Activity
Omit all images, then repeat exactly the lines below from the one containing "易優(yōu)作文網(wǎn" through the one containing "The idea for", both ends included.

Dataset records

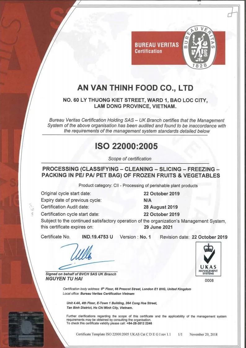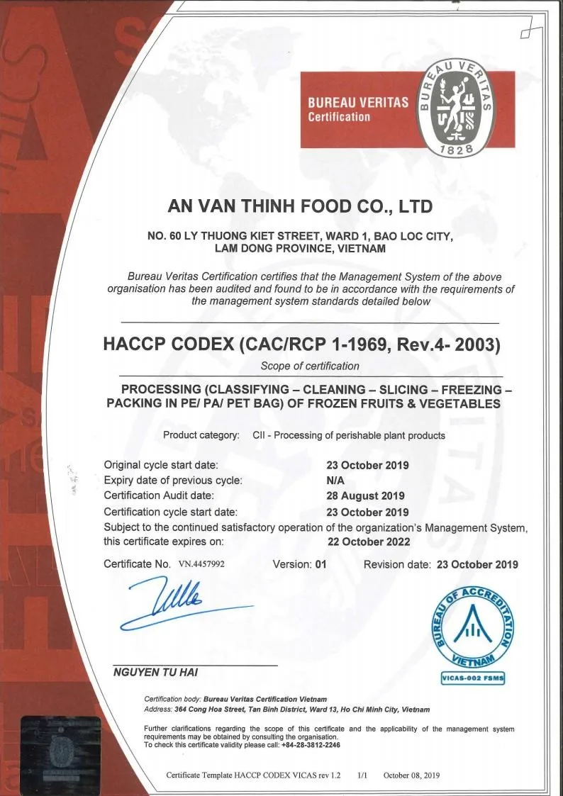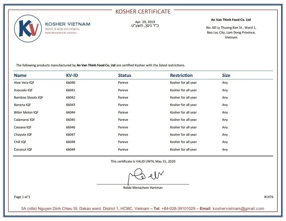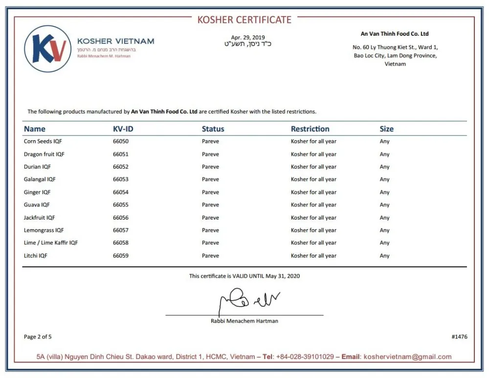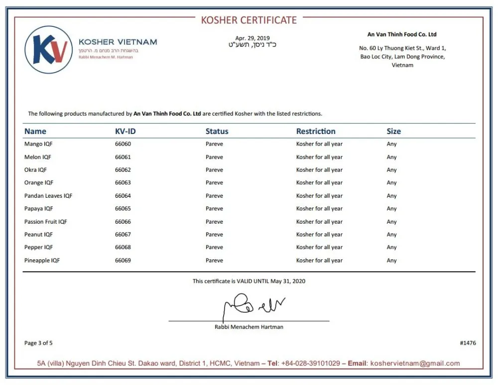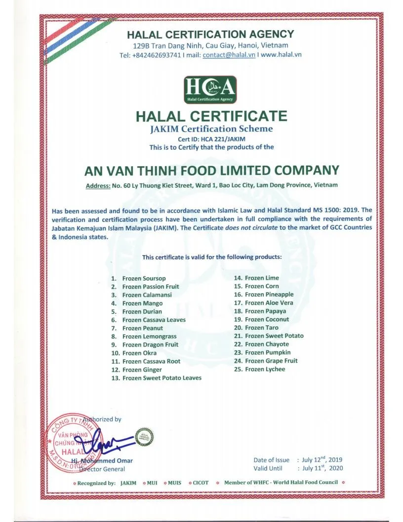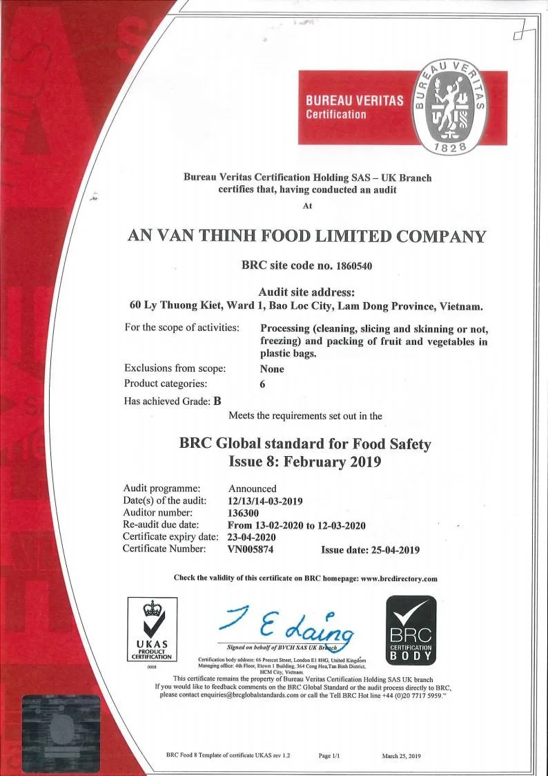 Certificate | U.S FDA, BRC, HACCP, ISO 22000:2005, GMP, HALAL, KOSHER, FSMA | |
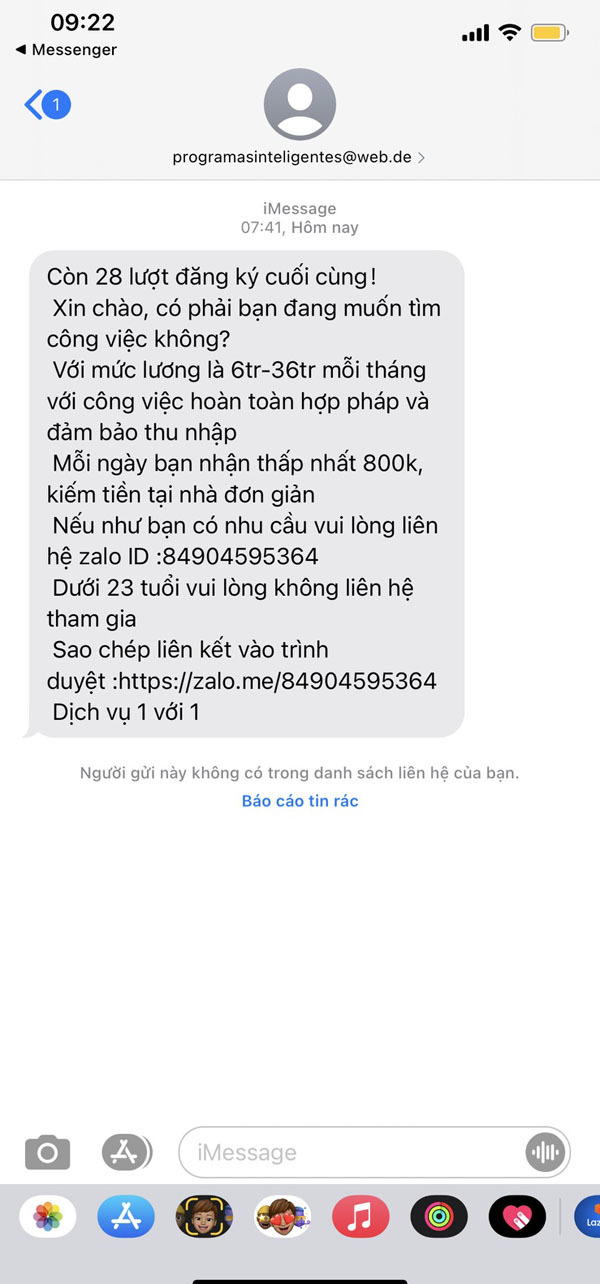 Trung tâm Ứng cứu khẩn cấp không gian mạng Việt Nam (VNCERT/CC) thuộc Cục An toàn thông tin, Bộ TT&TT vừa cho biết, qua theo dõi trên hệ thống tiếp nhận, phản ánh tin nhắn rác, cuộc gọi rác (qua đầu số 5656), cơ quan này đã ghi nhận nhiều phản ánh của người dân về việc nhận được tin nhắn spam trên iMessage có dấu hiệu lừa đảo về việc giới thiệu công việc đa cấp.
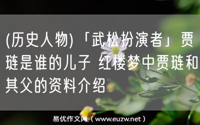 易優(yōu)作文網(wǎng)——(歷史人物)「武松扮演者」賈璉是誰的兒子 紅樓夢中賈璉和其父的資料介紹
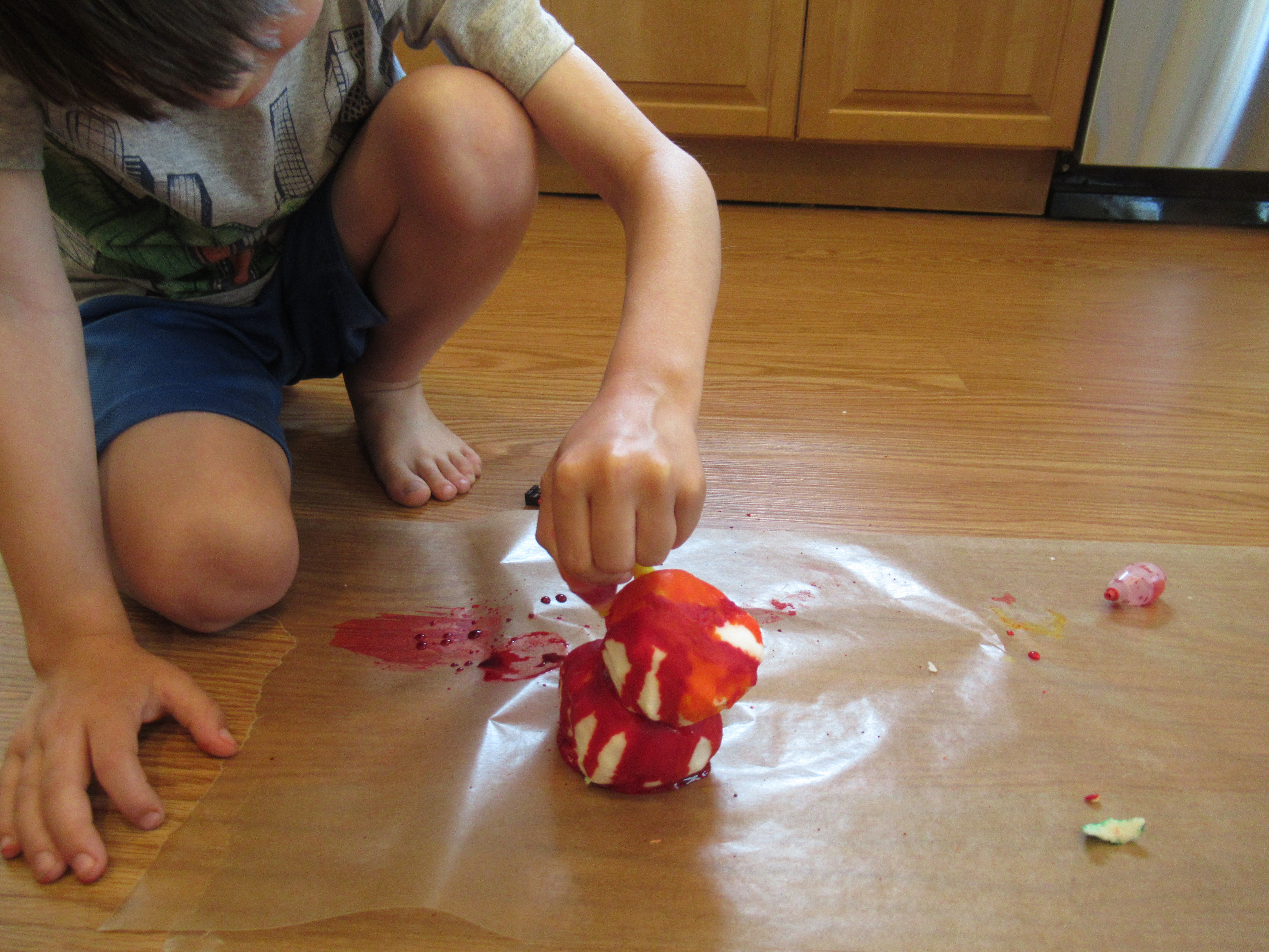 The idea for this messy hands-on play came from Parents magazine, although I had to adapt the activity slightly based on materials in our house. Still, it filled a morning of play for Veronika in the best, messiest way!
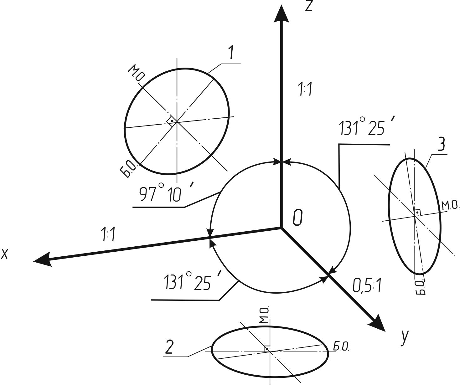 Рисунок 120 1 - эллипс (большая ось расположена под углом 90° к оси OY); 2 - эллипс (большая ось расположена под углом 90° к оси OZ); 3 - эллипс (большая ось расположена под углом 90° к оси OX)

Solution to this problem
 易優(yōu)作文網(wǎng)——(歷史人物)「武松扮演者」賈璉是誰的兒子 紅樓夢中賈璉和其父的資料介紹
 The idea for this messy hands-on play came from Parents magazine, although I had to adapt the activity slightly based on materials in our house. Still, it filled a morning of play for Veronika in the best, messiest way!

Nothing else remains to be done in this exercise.